● Try it:
For the entries below, copy exactly the line that contains "SFERA PICCOLA PLAFONIERA" through the line that contains "Kolejny sweterek dla", both ends included, and exclude all pictures.

● Source material:
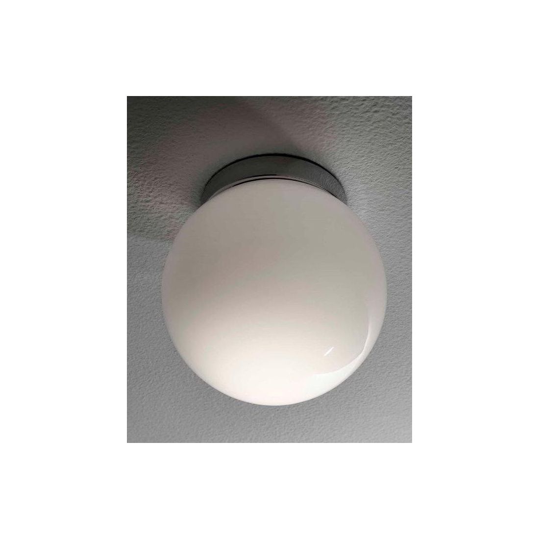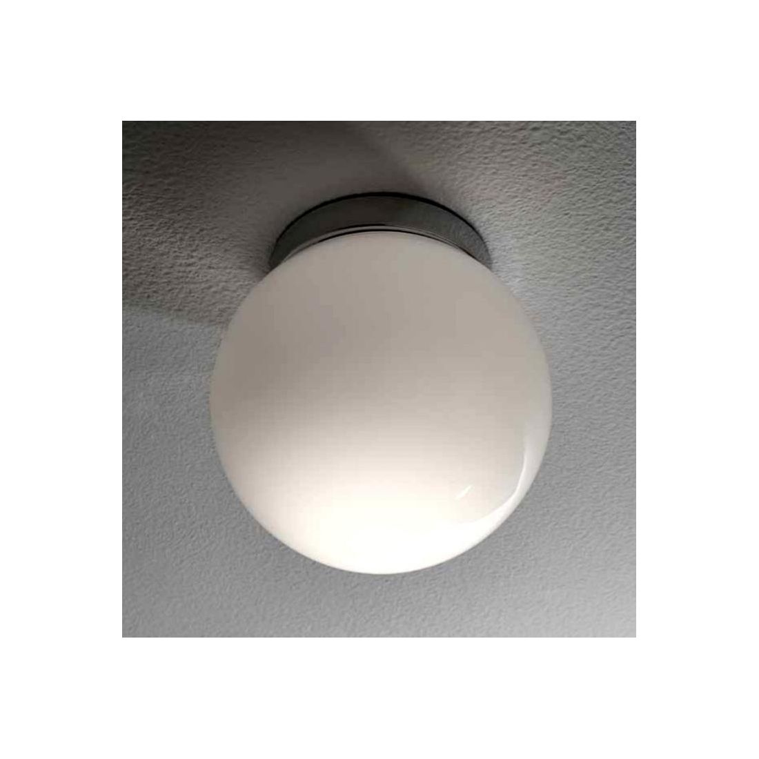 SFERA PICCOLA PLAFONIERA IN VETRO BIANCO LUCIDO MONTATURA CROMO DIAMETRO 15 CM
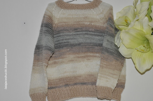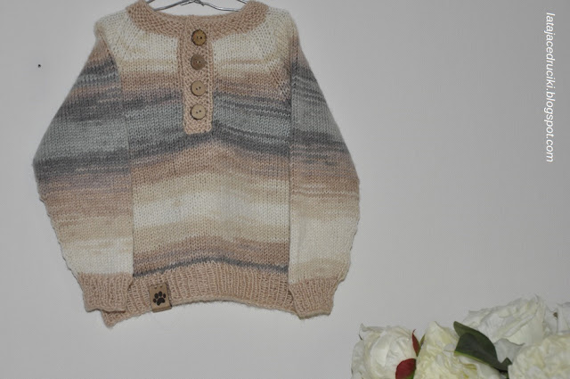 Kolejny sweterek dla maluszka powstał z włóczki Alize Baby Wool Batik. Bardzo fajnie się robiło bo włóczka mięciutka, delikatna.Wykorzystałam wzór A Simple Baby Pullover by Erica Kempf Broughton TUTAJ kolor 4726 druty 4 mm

--

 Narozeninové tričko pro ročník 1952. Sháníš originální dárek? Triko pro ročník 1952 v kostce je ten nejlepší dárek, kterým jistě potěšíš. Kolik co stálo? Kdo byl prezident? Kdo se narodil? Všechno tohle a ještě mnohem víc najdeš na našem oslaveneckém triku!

● Written reply:
 SFERA PICCOLA PLAFONIERA IN VETRO BIANCO LUCIDO MONTATURA CROMO DIAMETRO 15 CM
 Kolejny sweterek dla maluszka powstał z włóczki Alize Baby Wool Batik. Bardzo fajnie się robiło bo włóczka mięciutka, delikatna.Wykorzystałam wzór A Simple Baby Pullover by Erica Kempf Broughton TUTAJ kolor 4726 druty 4 mm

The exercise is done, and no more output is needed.